**Supplied records**
╭──

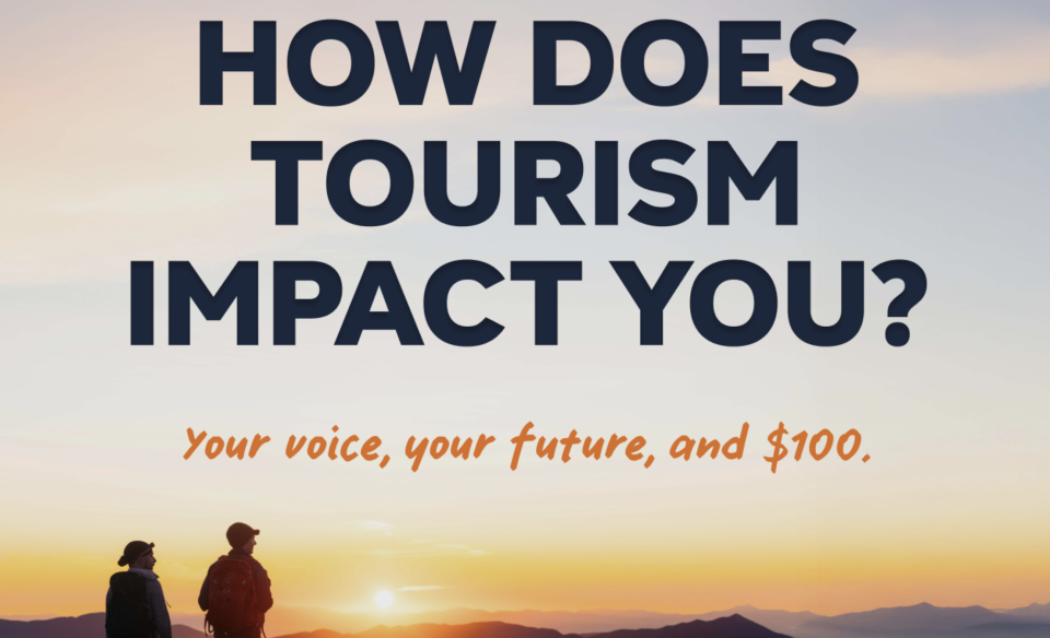We're asking area residents and business owners to share their honest perspective in a short survey. Your feedback will guide how we approach tourism in the future and help ensure the visitor economy works for all of us. It only takes about ten minutes, but it can make a lasting impact. As a bonus, you will be entered for a chance to win $100 when you complete the survey!
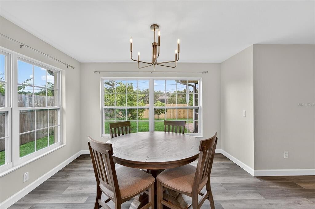 Welcome home to this beautifully renovated 2-bedroom,2-bathroom home with a spacious garage,located on a quiet street just 15 minutes from Clearwater Beach and minutes from charming Downtown Dunedin. Inside,you'll find a bright and open layout featuring a newly remodeled kitchen with a large island offering bar seating,stainless steel appliances,generous cabinet space,and a reverse osmosis water filtration system. The home also includes a water softener for added comfort! Both bathrooms have been tastefully updated,and new luxury vinyl plank flooring runs throughout the home. Energy-efficient windows and sliding glass doors help reduce monthly utility costs while allowing natural light to flow in. The primary suite offers ample closet space with custom organizers,and ceiling fans are installed the the bedrooms for year-round comfort. Step outside to enjoy a spacious screened-in lanai,perfect for relaxing or entertaining. The fully fenced backyard features lush sod and mature fruit trees,offering privacy and tranquility in a garden-like setting. This move-in-ready home is a perfect combination of style,comfort,and location. Small dog allowed with $30 pet rent and $300 non-refundable pet fee. $50 application fee per adult. $100 admin fee due after approval. Security deposit equal to 1 month's rent. Renter's insurance required. Utilities are paid by tenant. Lawn care and internet is provided by owner. Call,text,or email to schedule your showing! MLS# TB8426496
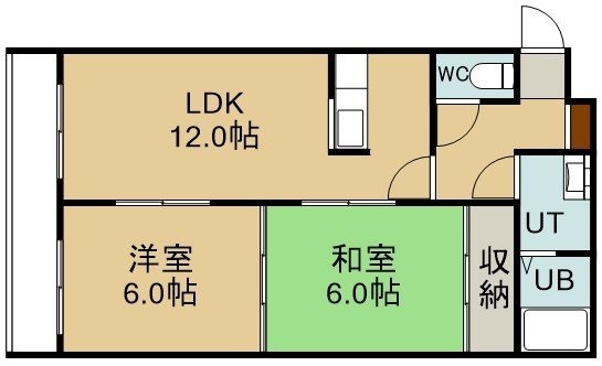 2LDK(52.58m²)└ 2階:LDK12帖 洋室6帖 和室6帖
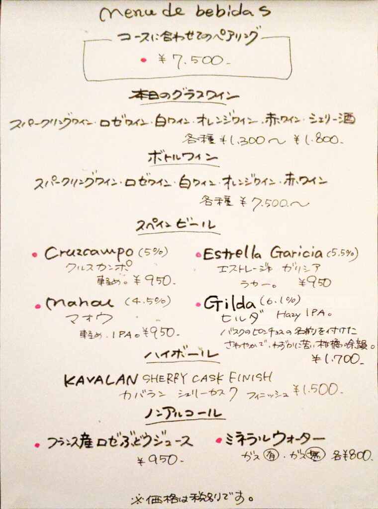 フードはコースのみで、ドリンクメニューは上記のとおり。
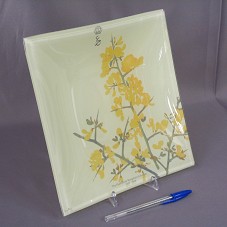 PRATO DECORATIVO (24,5X24,5 CM), DE FORMATO QUADRANGULAR, NA COR AMARELADA. POSSUI PINTURA COM RAMOS DE FLORES AMARELAS. NA PARTE SUPERIOR, COROA E SÍMBOLO DO REINO. NA INFERIOR, 'THE HASHEMITE KINGDOM OF JORDAN / 2007-2008'. ACOMPANHA SUPORTE DE MESA EM ACRÍLICO TRANSPARENTE.
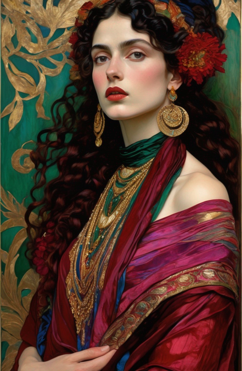 + Prompt:Art nouveau with 3d detail and golden foil, double image, Egon Schiele painting a gypsy priestess in flowing shawls in crimson, maroon, emerald blue room with pillows iridescent blue and green, dynamic poses, silk iridescent texture in watercolor and ink, vibrant colors with gold foil detail, by William Holman Hunt, Tomasz Sętowski, Enki Bilal, Vladimir Fedotko, Pietro Annigoni, Milo Manara, Botticelli, Catrin Welz-Stein, Jean Metzinger, Klimt, perfect eyes, perfect face,
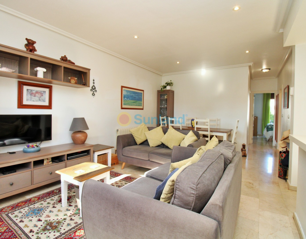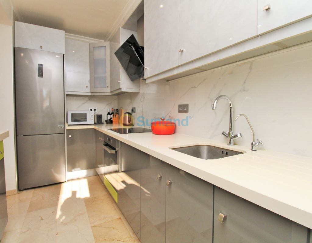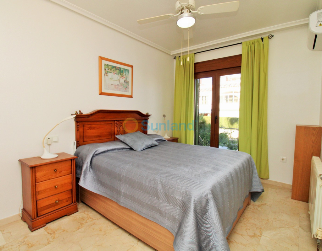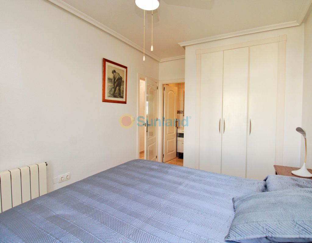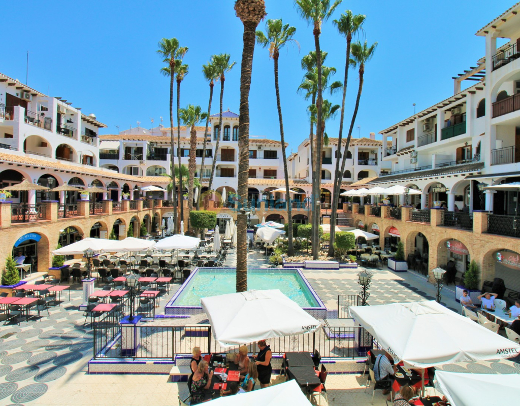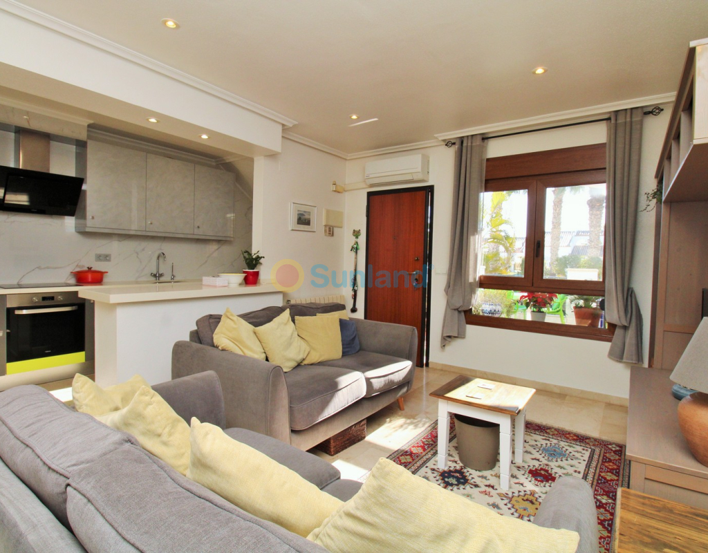 Verbeterde bungalow in Lola-stijl te koop in de zeer gewilde, afgesloten residentie R9 in Pau 8, Villamartin. Zorgvuldig onderhouden door dezelfde eigenaar sinds nieuw, met een toplocatie op slechts 10 minuten lopen van Villamartin Plaza en de Villamartin golfbaan, omgeven door restaurants, bars en voorzieningen. De gemeenschap is goed onderhouden met een gemeenschappelijk zwembad, gemeenschappelijke parkeerplaatsen, en zal volledig opnieuw worden geschilderd vóór eind Q2 2026. De woning beschikt over een voor- en achtertuin, plus een vergroot verhoogd voorterras met uitzicht op het groen. Binnen bevindt zich een lichte woon-/eetkamer, een gerenoveerde volledig uitgeruste keuken, en twee tweepersoonsslaapkamers met inbouwkasten. De master bedroom heeft een en-suite badkamer met inloopdouche en directe toegang tot de achtertuin. De tweede slaapkamer is verbeterd met openslaande terrasdeuren naar een Juliet-stijl terrasje met trap naar de achtertuin en extra bergruimte eronder. Externe trappen leiden naar het privé dakterras, waar een extra gastenannex is toegevoegd met slaapkamer en en-suite badkamer. Wordt verkocht gemeubileerd, inclusief apparatuur, airconditioning, centrale verwarming en aardgas. Een fantastische kans — vroeg bezichtigen aanbevolen.

╰──

**Problem**
Pictures in the records above are not copied; print everything else exactly.

**Response**
We're asking area residents and business owners to share their honest perspective in a short survey. Your feedback will guide how we approach tourism in the future and help ensure the visitor economy works for all of us. It only takes about ten minutes, but it can make a lasting impact. As a bonus, you will be entered for a chance to win $100 when you complete the survey!
 Welcome home to this beautifully renovated 2-bedroom,2-bathroom home with a spacious garage,located on a quiet street just 15 minutes from Clearwater Beach and minutes from charming Downtown Dunedin. Inside,you'll find a bright and open layout featuring a newly remodeled kitchen with a large island offering bar seating,stainless steel appliances,generous cabinet space,and a reverse osmosis water filtration system. The home also includes a water softener for added comfort! Both bathrooms have been tastefully updated,and new luxury vinyl plank flooring runs throughout the home. Energy-efficient windows and sliding glass doors help reduce monthly utility costs while allowing natural light to flow in. The primary suite offers ample closet space with custom organizers,and ceiling fans are installed the the bedrooms for year-round comfort. Step outside to enjoy a spacious screened-in lanai,perfect for relaxing or entertaining. The fully fenced backyard features lush sod and mature fruit trees,offering privacy and tranquility in a garden-like setting. This move-in-ready home is a perfect combination of style,comfort,and location. Small dog allowed with $30 pet rent and $300 non-refundable pet fee. $50 application fee per adult. $100 admin fee due after approval. Security deposit equal to 1 month's rent. Renter's insurance required. Utilities are paid by tenant. Lawn care and internet is provided by owner. Call,text,or email to schedule your showing! MLS# TB8426496
 2LDK(52.58m²)└ 2階:LDK12帖 洋室6帖 和室6帖
 フードはコースのみで、ドリンクメニューは上記のとおり。
 PRATO DECORATIVO (24,5X24,5 CM), DE FORMATO QUADRANGULAR, NA COR AMARELADA. POSSUI PINTURA COM RAMOS DE FLORES AMARELAS. NA PARTE SUPERIOR, COROA E SÍMBOLO DO REINO. NA INFERIOR, 'THE HASHEMITE KINGDOM OF JORDAN / 2007-2008'. ACOMPANHA SUPORTE DE MESA EM ACRÍLICO TRANSPARENTE.
 + Prompt:Art nouveau with 3d detail and golden foil, double image, Egon Schiele painting a gypsy priestess in flowing shawls in crimson, maroon, emerald blue room with pillows iridescent blue and green, dynamic poses, silk iridescent texture in watercolor and ink, vibrant colors with gold foil detail, by William Holman Hunt, Tomasz Sętowski, Enki Bilal, Vladimir Fedotko, Pietro Annigoni, Milo Manara, Botticelli, Catrin Welz-Stein, Jean Metzinger, Klimt, perfect eyes, perfect face,
 Verbeterde bungalow in Lola-stijl te koop in de zeer gewilde, afgesloten residentie R9 in Pau 8, Villamartin. Zorgvuldig onderhouden door dezelfde eigenaar sinds nieuw, met een toplocatie op slechts 10 minuten lopen van Villamartin Plaza en de Villamartin golfbaan, omgeven door restaurants, bars en voorzieningen. De gemeenschap is goed onderhouden met een gemeenschappelijk zwembad, gemeenschappelijke parkeerplaatsen, en zal volledig opnieuw worden geschilderd vóór eind Q2 2026. De woning beschikt over een voor- en achtertuin, plus een vergroot verhoogd voorterras met uitzicht op het groen. Binnen bevindt zich een lichte woon-/eetkamer, een gerenoveerde volledig uitgeruste keuken, en twee tweepersoonsslaapkamers met inbouwkasten. De master bedroom heeft een en-suite badkamer met inloopdouche en directe toegang tot de achtertuin. De tweede slaapkamer is verbeterd met openslaande terrasdeuren naar een Juliet-stijl terrasje met trap naar de achtertuin en extra bergruimte eronder. Externe trappen leiden naar het privé dakterras, waar een extra gastenannex is toegevoegd met slaapkamer en en-suite badkamer. Wordt verkocht gemeubileerd, inclusief apparatuur, airconditioning, centrale verwarming en aardgas. Een fantastische kans — vroeg bezichtigen aanbevolen.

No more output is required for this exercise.